Overall, there is likely to be a further small decline in building output in the current year. While this is disappointing, there is clear evidence that the worst of the recession affecting the industry has passed and that the stage is set for a resumption of orderly growth. Average employment in the industry may aslo drop in 1984 but in this case too the situation seems to be bottoming out.

At this stage I should correct a false impression that has been created by the quotation of unemployment figures for the industry. According to the Central Statistics Office there were 45,300 building and construction workers on the live register in March of this year. This figure must be considered in the context that in March 1979 when the industry was overstretched and when shortages of skilled workers were being felt throughout the industry there were almost 20,000 workers registered as unemployed in the building industry. The fact of the matter seems to be that the building industry figures in our unemployment statistics are residual in nature in that general workers of many kinds who do not readily fit into any of the other specified categories of workers are assigned to the building industry, the registered figures for which are thus inflated considerably at all times. We all know that there were nothing like 20,000 workers unemployed in the building industry in 1979. I have little doubt that the current figures are similarly inflated. In doing this I am not by any means complacent as to the seriousness of the present situation but it is important that we should at least deal in facts.

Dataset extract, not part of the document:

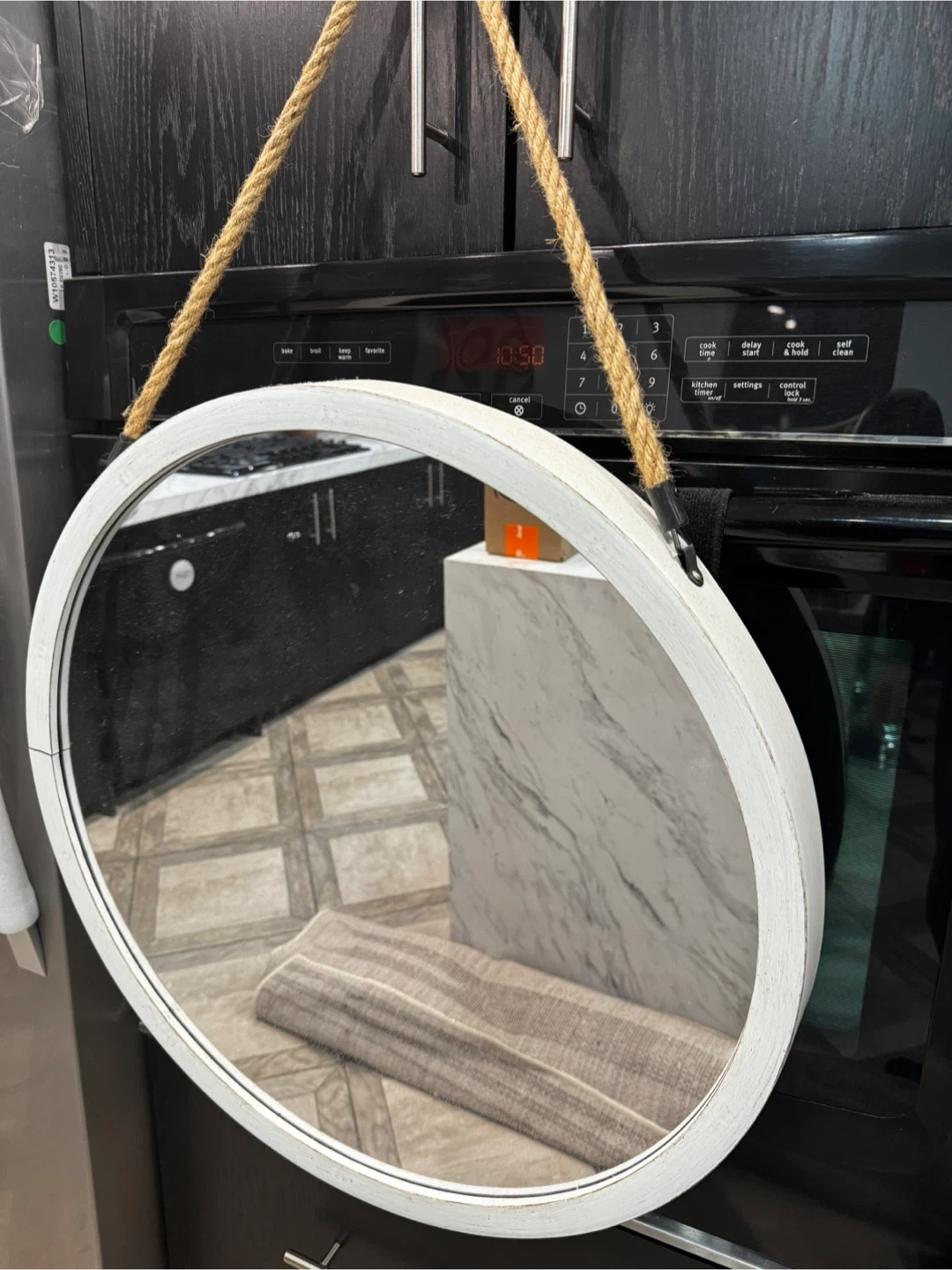 This oval wall mirror features a distressed white wood frame and a rustic rope hanger. It's approximately 21 inches in diameter. Add a touch of charm to any room!

This is another black hole solution.

I would like to make some specific comments about the current trends in the housing sector which comprises about 40 per cent of the output of the industry. I am glad to say that this sector has been the mainstay of the industry during the recession and has reinforced its position as the most important component of the industry. Some 10,679 new houses were completed in the first five months of this year compared to a total of 10,750 in the same period in 1983. While this year's completions to May are slightly down on the same period last year, I am confident that total completions for 1984 will equal or perhaps exceed last year's figure of 26,138. When one realises the effects that unemployment and difficult economic conditions generally can have on housing demand, one must feel that the maintenance of output levels is a very satisfactory achievement in the present circumstances.

The numbers of mortgage loans approved and paid by the main lending agencies remains at a high level and I am satisfied that the supply of mortgage finance, which is crucial to the level of activity in the housing sector of the building industry, will be satisfactory throughout 1984. Building societies continue to play a dominant role in providing funds for house purchase. Last year the societies provided a record number of just under 18,000 loans valued at £406 million and I expect that their contribution in the current year will be of the same general order.

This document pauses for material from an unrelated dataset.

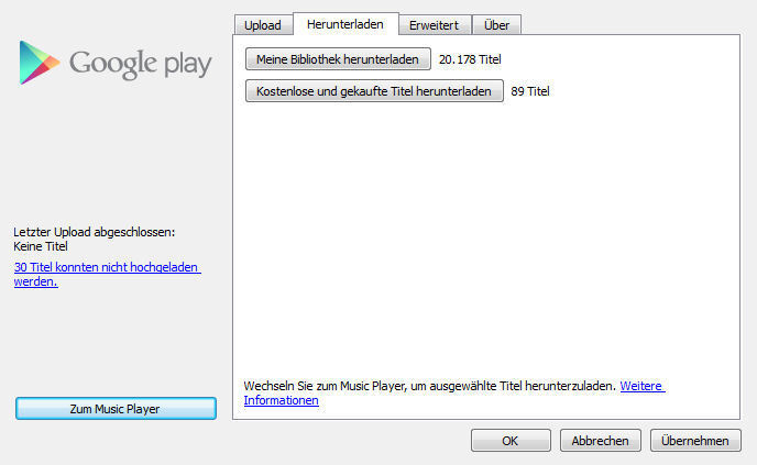 Der Music Manager ermöglicht die Synchronisation lokaler Musikbibliotheken mit der Cloud und das Herunterladen in der Cloud gespeicherter Musik.

The SDA and Housing Finance Agency loans schemes serve a vital function in bringing house purchase within the reach of people on lower incomes who would not normally be catered for by the other lending institutions. This year the Government allocated more than £140 million for these two schemes and this allocation is £16 million, or almost 13 per cent more than the amount provided in the 1983 public capital programme. I expect that the allocation of £140 million for SDA and Housing Finance Agency loans will finance the purchase of about 9,000 houses this year.

The Government have provided £211 million in capital towards the local authority housing programme for 1984. Based on this level of allocation, we expect this year's programme to be maintained at least at the 1983 levels when 6,190 houses were completed and a further 8,354 were in the course of construction at the end of that year. This had been the first time since 1979 that the level of 6,000 completions had been exceeded. In fact, the capital claims received from local authorities to finance their housing programmes in the current year indicate that house completions for 1984 will reach 6,400 with over a further 8,000 houses in progress at the end of the year. This would be the highest level of completions achieved since the mid-seventies when the last Coalition Government were in power.

Employment on the programme has also continued to improve over the pre-1983 levels. Last year, average monthly employment reached 6,400 which was an increase of about 500 on the corresponding figure for 1982. In the first four months of this year, I am pleased to state that employment continued to rise to over 6,700 per month, which indicates that the considerable Government investment in the programme is paying dividends.

There is a crucial need to ensure that the best return is obtained on all public capital investment and, in the present difficult economic circumstances, this objective assumes greater importance. In view of the high level of public capital involved in financing the local authority housing programme — £211 million capital and over £150 million in subsidy in the current year — my Department introduced new procedures last year to control the costs of local authority housing and to achieve the best possible return on the State capital invested in the programme. These controls, together with the competitive tendering currently being obtained on local authority housing contracts, will ensure that the maximum return is obtained on the £211 million capital devoted to the programme, and that the targets for the programme in the current year and for future years are achieved. I would like to emphasise that the new controls do not envisage a return to the low-cost mentality which so affected the programme in past years but represent instead a systematic effort to combine value for money with good quality houses.

The continued high level of output in the private housing sector is reflected in the number of people availing of new house grants and mortgage subsidies so far this year. The number of applications for the £1,000 new house grant should, if the trend set so far continues, be of the order of 11,000 approximately this year. Also, combined payments of new house grants and mortgage subsidies in the first five months exceed payments in the corresponding period last year by over 40 per cent.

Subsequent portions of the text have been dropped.